• [Exercise brief]:
In the entries below, which lines run from the one containing "Elegant Navy Blue" to the one containing "當(dāng)哈蘭德頭球頂入"? Copy exactly those lines, ends included, and no others.

• [Input]:
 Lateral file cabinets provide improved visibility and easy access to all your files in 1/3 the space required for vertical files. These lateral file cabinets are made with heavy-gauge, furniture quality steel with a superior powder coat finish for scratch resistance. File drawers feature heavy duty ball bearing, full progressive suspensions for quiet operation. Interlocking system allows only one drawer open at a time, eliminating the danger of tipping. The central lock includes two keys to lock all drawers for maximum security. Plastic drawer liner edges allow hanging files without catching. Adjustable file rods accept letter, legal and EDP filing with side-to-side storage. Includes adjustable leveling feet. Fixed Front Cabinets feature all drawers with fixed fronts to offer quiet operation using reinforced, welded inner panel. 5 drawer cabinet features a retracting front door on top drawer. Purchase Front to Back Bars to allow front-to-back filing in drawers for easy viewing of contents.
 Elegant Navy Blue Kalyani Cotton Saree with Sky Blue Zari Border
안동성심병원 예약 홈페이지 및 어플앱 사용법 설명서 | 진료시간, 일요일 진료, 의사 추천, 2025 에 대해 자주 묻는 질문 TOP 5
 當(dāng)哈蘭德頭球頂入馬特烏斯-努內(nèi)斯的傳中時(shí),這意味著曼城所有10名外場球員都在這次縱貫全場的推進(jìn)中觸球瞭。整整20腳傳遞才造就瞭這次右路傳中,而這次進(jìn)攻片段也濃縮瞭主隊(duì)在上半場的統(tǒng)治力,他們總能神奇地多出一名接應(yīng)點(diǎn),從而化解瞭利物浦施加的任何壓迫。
...
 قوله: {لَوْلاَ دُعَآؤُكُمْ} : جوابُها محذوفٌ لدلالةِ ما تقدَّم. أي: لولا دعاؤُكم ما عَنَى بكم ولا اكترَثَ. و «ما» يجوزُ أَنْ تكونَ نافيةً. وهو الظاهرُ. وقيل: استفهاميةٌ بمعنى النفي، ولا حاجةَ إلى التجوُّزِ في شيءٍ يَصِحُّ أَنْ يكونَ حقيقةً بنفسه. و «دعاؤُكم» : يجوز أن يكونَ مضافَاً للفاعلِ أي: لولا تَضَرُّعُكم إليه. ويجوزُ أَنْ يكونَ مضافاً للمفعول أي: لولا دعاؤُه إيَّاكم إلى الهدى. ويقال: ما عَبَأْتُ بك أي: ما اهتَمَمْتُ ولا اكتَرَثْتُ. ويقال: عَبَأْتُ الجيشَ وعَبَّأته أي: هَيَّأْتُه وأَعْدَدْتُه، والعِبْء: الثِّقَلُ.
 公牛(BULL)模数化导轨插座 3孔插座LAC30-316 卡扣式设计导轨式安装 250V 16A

• [Task output]:
 Elegant Navy Blue Kalyani Cotton Saree with Sky Blue Zari Border
안동성심병원 예약 홈페이지 및 어플앱 사용법 설명서 | 진료시간, 일요일 진료, 의사 추천, 2025 에 대해 자주 묻는 질문 TOP 5
 當(dāng)哈蘭德頭球頂入馬特烏斯-努內(nèi)斯的傳中時(shí),這意味著曼城所有10名外場球員都在這次縱貫全場的推進(jìn)中觸球瞭。整整20腳傳遞才造就瞭這次右路傳中,而這次進(jìn)攻片段也濃縮瞭主隊(duì)在上半場的統(tǒng)治力,他們總能神奇地多出一名接應(yīng)點(diǎn),從而化解瞭利物浦施加的任何壓迫。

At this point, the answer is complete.